Я сам видел эти полосатые колонны под конвоем мордастых автоматчиков с остервенело лающими овчарками. Иногда собак спускали, и они грызли пленным ноги. У высокого на месте икры был страшный, красный «звездный» шрам от вырванного овчаркой куска мышц. В лагере на нарах каждую ночь кто-нибудь из своих умирал от истощения или болезни.
Таня предложила солдатам теплой воды, мыло и большой таз, чтобы обмыться, и они приняли это с большой благодарностью. Когда сняли полосатые куртки, то еще больше ужаснули нас своей худобой – это были живые скелеты, обтянутые темной от грязи кожей. Потом они долго спали на полу а, проснувшись, снова немножко поели и собрались идти дальше, - куда они и сами не знали. В то время бесчисленные массы людей куда-то шли, откуда-то уходили. На дорогах было много людей с тачками и какими-то жалкими пожитками. Кругом стояли пустые, оставленные жителями дома. А на дорогах повсюду валялись брошенные вещи и машины. И наши солдаты влились в этот людской поток в надежде найти путь домой. А путь этот оказался долгим, тяжелым и горьким.
Клад
Однажды под вечер перед домом, где мы жили, остановился сильно запыленный «опель». Из машины вышел высокий офицер СС. Застегивая на ходу свою серо-зеленую длинную шинель, он быстро поднялся на второй этаж, где жила хозяйка дома фрау Г. Рано утром он уехал так же внезапно, как и появился. Соседи по улице сказали, что это был сын фрау Г.
На следующий день эта пожилая, высокомерная немка поманила меня пальцем со второго этажа и, когда я поднялся к ней, прошла со мною в свою комнату и велела взять приготовленный там очень увесистый кожаный мешок. Потом надо было во дворе прихватить лопату и следовать за ней. Она привела меня в дальний угол окружавшего дом сада и приказала рыть там яму. Я долго пыхтел, а она молча стояла надо мной. Наконец, яма глубиною около метра была готова, и хозяйка положила туда принесенный мешок, после чего велела мне яму засыпать, а землю разровнять.
На следующий день она из дома исчезла. Я догадывался, что хозяйка спрятала что-то важное. Но в то время игра в клады меня уже мало интересовала, а откапывать чужие вещи мне и в голову не приходило.

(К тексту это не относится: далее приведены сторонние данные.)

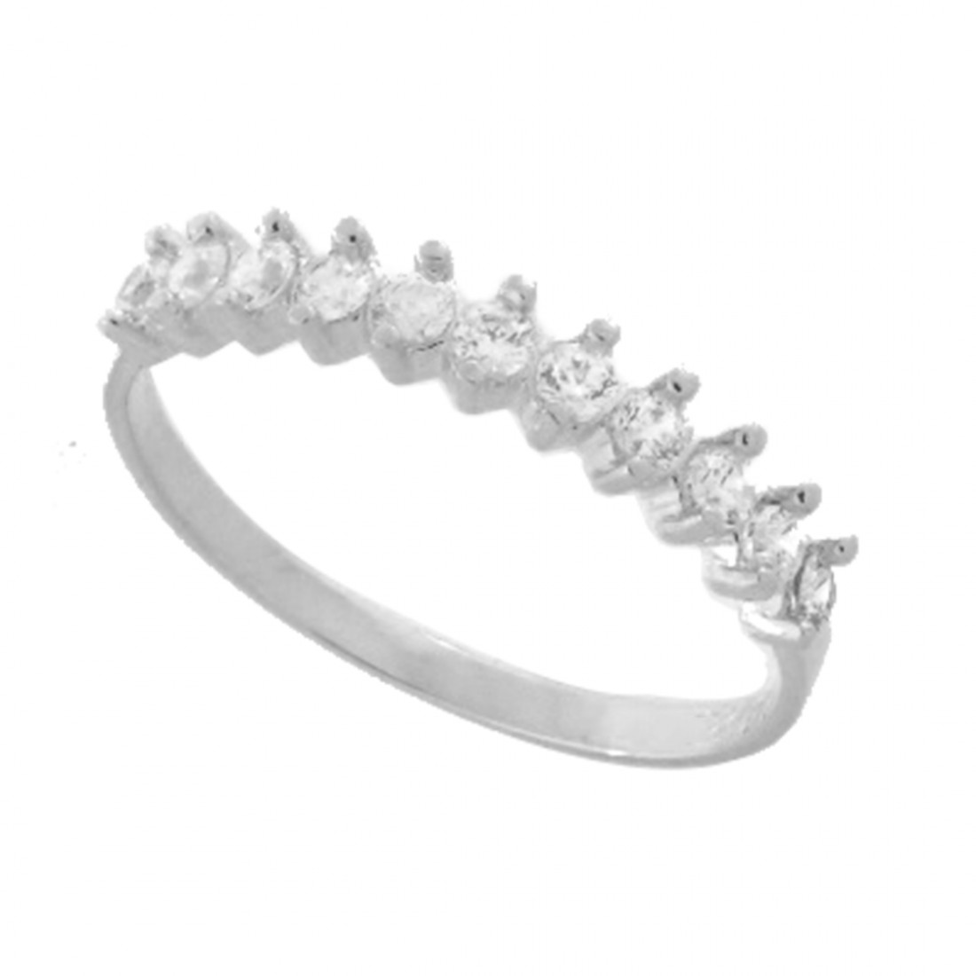 Anel meia alianca fina zirconia cristal, prata com banho de ouro. 140879..
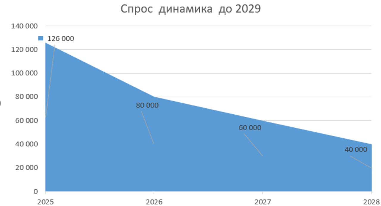 | Прогноз: среднестатистический прирост спроса до 2029 года | 126 000 | 80 000 | 60 000 | 40 000 | 306 000 |

Позже я понял, что фрау Г. закопала там свои или привезенные ее сыном где-то прихваченные драгоценности или документы, которые они оба, опасаясь задержания при своем бегстве на Запад, не рискнули иметь при себе.
В конце войны
В середине апреля 1945 года, а может немного раньше, в северном пригороде Литомиржеца по приказу немецких военных властей окрестные жители поставили поперек шоссейной дороги противотанковые заграждения - толстые бревна, уложенные между вбитыми в землю сваями. На стенах домов появились плакаты Геббельса: “Wir kapituliren nicht!” [«Мы не капитулируем!»] Тогда же пришло сообщение о внезапной смерти Рузвельта. Оно всколыхнуло агонизирующих нацистов, возбудив в них надежду - о чем говорили даже на улице - на сепаратный выход из войны по сговору с Западными союзниками. Но их иллюзии быстро рассеялись.
А пока в городе стояла тишина, будто уже не было войны. И появился признак безвластья - мародерство. На находившихся недалеко от нас железнодорожных путях жители самовольно открыли несколько товарных вагонов и стали растаскивать обнаруженное в них добро. Я тоже принял в этом некоторое участие– подхватил брошенные кем-то новые коричневые боксерские перчатки, это была моя мечта, и коробочку с круглыми, как таблетки, леденцами. Помню, как вдоль рельсов, не обращая ни на что внимания, понуро шли три пожилых немецких солдата с автоматами за плечами. При немецкой аккуратности и дисциплине это был явный признак развала недавно ещё такой грозной армии.
В начале мая из Праги по радио раздались призывы к восстанию, к сопротивлению немцам, которые еще не сложили оружие. Под занавес войны чехи поднялись на вооруженную борьбу. Вскоре в радиоприемнике раздались звуки выстрелов и крики людей. Затем их сменили немецкие марши. В это время стало известно, что находящаяся на шоссе в направлении Праги американская танковая колонна на помощь пражанам не движется, а Красная армия от города еще далеко.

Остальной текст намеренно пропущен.